**WORK ORDER:** Starting at the first line of the listing below, repeat each line exactly until the line containing "Решение Президиума ВР", which you include. Leave out pictures.

**INFORMATION SUPPLIED:**
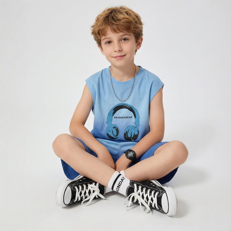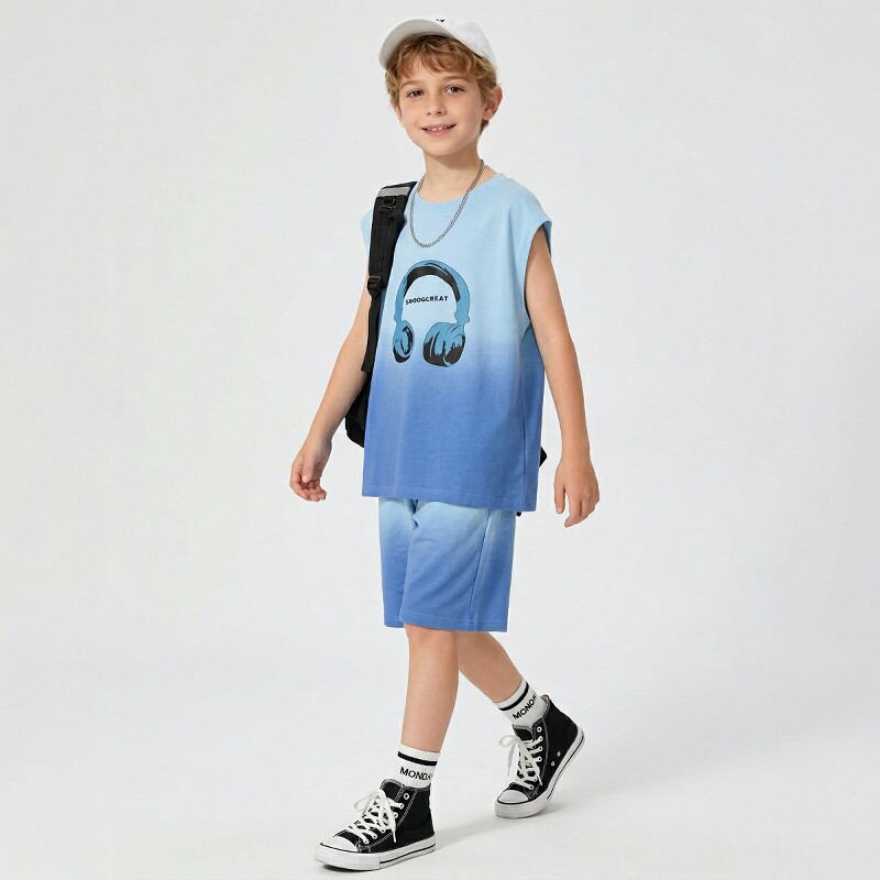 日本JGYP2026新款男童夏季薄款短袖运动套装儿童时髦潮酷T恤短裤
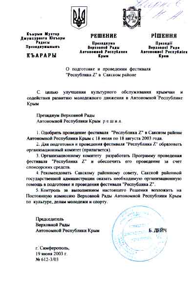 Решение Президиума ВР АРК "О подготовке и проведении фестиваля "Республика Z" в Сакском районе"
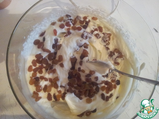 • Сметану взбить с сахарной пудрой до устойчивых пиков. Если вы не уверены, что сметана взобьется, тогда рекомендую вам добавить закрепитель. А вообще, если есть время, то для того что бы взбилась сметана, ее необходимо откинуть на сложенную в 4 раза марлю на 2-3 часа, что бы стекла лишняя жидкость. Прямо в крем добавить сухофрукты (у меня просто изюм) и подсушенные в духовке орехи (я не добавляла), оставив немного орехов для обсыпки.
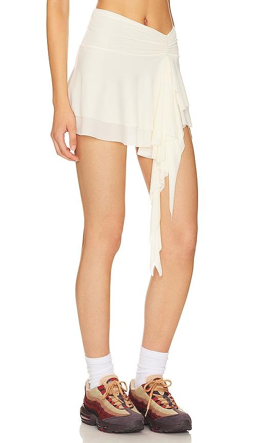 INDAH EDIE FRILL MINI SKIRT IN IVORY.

**EXERCISE RESPONSE:**
 日本JGYP2026新款男童夏季薄款短袖运动套装儿童时髦潮酷T恤短裤
 Решение Президиума ВР АРК "О подготовке и проведении фестиваля "Республика Z" в Сакском районе"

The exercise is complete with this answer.